However, in other cases it’s just fine to bubble-sort (for very small collections), or insert many elements to the start of the array (when you’re reading much more often so the profit from memory locality while reading outweigh the losses from relocating those elements while inserting).

Modern hardware is extremely complex. No amount of knowledge will help you to 100% predict the performance effects of your changes. Two advices.

(1) Learn to profile your code. Both externally, using a sampling profiler that will tell you where’re you spending the CPU time, and internally using e.g. std::chrono::high_resolution_clock that will tell you the performance effect of your changes.

(2) Don’t forget about rollback feature of your version control, and don’t hesitate using that as necessary. I routinely discover some of my changes I viewed as performance optimizations actually decreased performance. The reasons include branch misprediction, compiler optimization issues, cores competition for L3 cache, RAM bandwidth, thermal issues…

fanf2 · on Jan 4, 2017

For a dose of real-world big-O I recommend following http://accidentallyquadratic.tumblr.com

Const-me · on Jan 4, 2017

I don’t think engineers working at Ericsson and Apple (the companies listed in the copyright section of that source file) forgot about big-O. What I think happened, when they wrote that, their assumption was people won’t be using those to pass 16MB blobs. And for small messages, O(n^2) works just fine.

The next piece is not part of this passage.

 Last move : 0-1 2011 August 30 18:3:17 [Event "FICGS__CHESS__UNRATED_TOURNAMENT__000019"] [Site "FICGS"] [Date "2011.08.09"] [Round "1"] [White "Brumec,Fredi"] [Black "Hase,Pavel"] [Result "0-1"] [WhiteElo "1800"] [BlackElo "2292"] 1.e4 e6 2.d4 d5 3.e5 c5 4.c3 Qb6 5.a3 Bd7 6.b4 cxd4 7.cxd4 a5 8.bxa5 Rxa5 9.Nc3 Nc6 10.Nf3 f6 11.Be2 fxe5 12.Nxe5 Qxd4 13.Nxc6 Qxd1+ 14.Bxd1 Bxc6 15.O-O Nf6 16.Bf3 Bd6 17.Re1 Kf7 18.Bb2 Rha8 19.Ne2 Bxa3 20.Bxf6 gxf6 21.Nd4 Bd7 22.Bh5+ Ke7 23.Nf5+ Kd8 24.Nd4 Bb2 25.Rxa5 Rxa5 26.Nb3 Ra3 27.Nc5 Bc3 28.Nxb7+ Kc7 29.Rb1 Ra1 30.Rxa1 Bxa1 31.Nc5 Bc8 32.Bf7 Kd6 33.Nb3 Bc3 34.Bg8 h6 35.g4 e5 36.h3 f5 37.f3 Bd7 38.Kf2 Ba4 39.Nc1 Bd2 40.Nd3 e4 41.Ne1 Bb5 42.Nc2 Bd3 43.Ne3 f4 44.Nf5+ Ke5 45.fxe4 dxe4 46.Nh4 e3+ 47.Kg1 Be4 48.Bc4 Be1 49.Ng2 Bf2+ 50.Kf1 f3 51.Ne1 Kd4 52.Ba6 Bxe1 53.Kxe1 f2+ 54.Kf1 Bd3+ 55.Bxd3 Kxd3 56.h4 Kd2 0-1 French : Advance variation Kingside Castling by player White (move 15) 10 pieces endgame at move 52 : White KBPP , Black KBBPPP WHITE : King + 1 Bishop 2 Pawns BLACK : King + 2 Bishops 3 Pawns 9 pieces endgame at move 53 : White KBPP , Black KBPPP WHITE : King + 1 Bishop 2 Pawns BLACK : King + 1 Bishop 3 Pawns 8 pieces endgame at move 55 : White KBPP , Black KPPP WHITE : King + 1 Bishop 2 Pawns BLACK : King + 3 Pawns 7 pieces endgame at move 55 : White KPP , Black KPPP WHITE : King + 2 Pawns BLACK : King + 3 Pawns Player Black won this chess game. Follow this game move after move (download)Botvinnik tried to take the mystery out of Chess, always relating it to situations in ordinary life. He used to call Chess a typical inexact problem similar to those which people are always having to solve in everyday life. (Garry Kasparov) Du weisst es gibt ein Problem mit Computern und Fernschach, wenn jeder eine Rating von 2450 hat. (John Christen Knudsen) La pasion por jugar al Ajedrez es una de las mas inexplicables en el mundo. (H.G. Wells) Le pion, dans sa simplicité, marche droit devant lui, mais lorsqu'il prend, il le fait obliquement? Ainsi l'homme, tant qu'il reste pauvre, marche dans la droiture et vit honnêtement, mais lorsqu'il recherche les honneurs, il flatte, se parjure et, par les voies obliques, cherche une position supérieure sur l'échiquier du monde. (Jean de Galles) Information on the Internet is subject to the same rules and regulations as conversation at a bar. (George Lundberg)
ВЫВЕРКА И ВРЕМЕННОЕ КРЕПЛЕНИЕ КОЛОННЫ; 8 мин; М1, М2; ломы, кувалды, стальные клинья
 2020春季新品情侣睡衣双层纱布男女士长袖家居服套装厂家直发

I can understand those people. HTTP is better than Web Sockets for large chunks of data. With HTTP, servers and proxies may cache, clients may resume downloads, clients may check for changes with if-modified-since header, and so on.

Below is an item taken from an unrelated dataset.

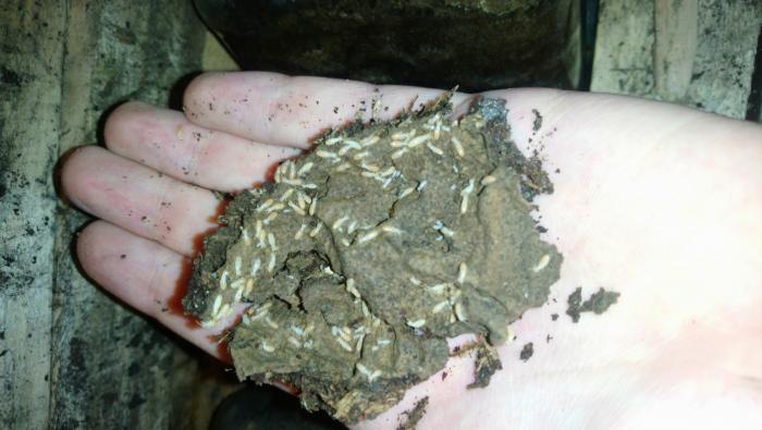 Что до нижних слоев, состоящих из старых деревяшек, которые термиты не доедают полностью, а оставляют в качестве армируюшего агента в почве, то они были похожи на губку, но термитов там было не много, им, видимо, импонирует свежая древесина. Но тем не менее, я нашел там половую особь. Самую большую из всех что я видел в колонии, длиной миллиметров 7-8, довольно толстую.
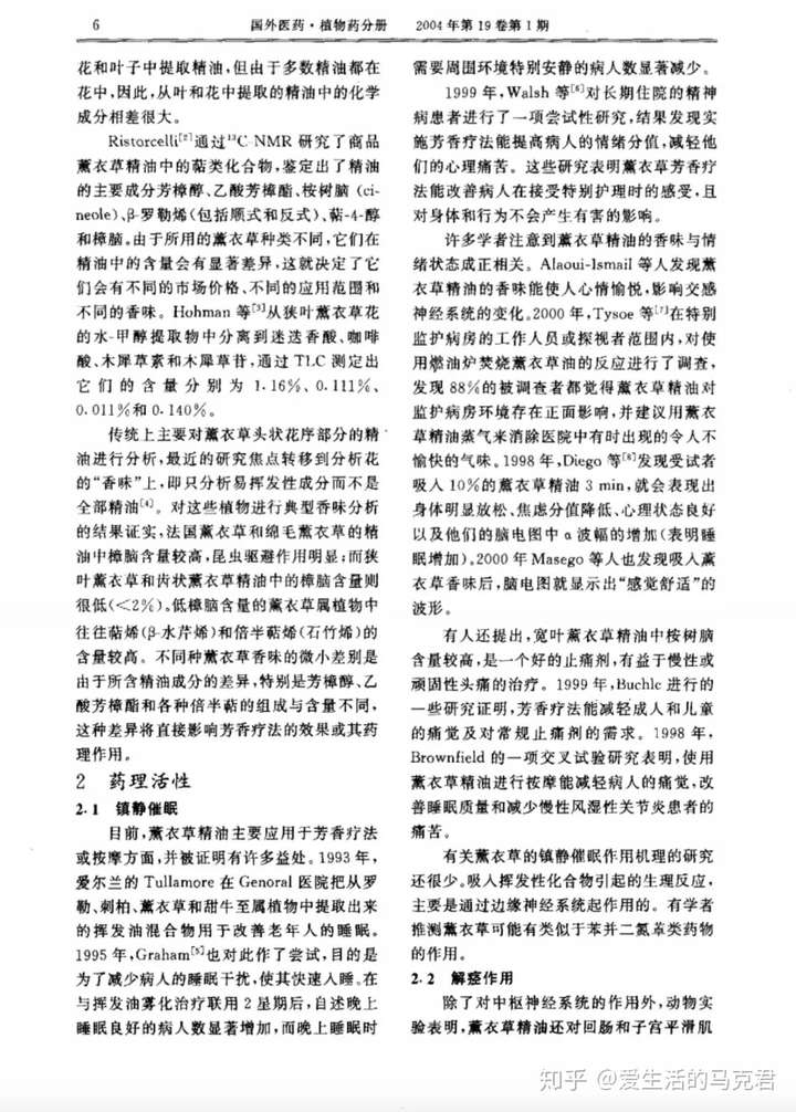 王玉芹,孙亚军,施献儿.薰衣草精油的化学成分与药理活性[J].国外医药(植物药分册),2004,19(1).

The problem here isn’t with big-O, it’s with changing world.

If in the future someone will send gigabytes in that event, the current version will break despite O(n), because RAM is finite. Relatively easy to fix, you just need to save data to a hard drive instead or RAM.

Does it mean it’s a good idea to do so now? Don’t think so, it would be over-engineering and premature optimization, and the current version is currently fine. Just like the original O(n^2) code was fine for small messages.

taeric · on Jan 3, 2017

At face value, I don't actually see where you contradict the article. The recursive nature of this solution is akin to recursive matrix multiplication. Which can be a way to setup memory fetches to stay optimal. (Could... I have no data to say it is.)

Any chance you know of any benchmarks exploring this?

GFK_of_xmaspast · on Jan 3, 2017

Recursive matrix multiplication is in general a bad idea (Strassen, for example, loses a little bit of stability and is not cache-friendly)

taeric · on Jan 3, 2017

To be clear, I can see why coding it purely recursively would be a bad idea. Same for using linked structures, if that was the concern with the quad tree.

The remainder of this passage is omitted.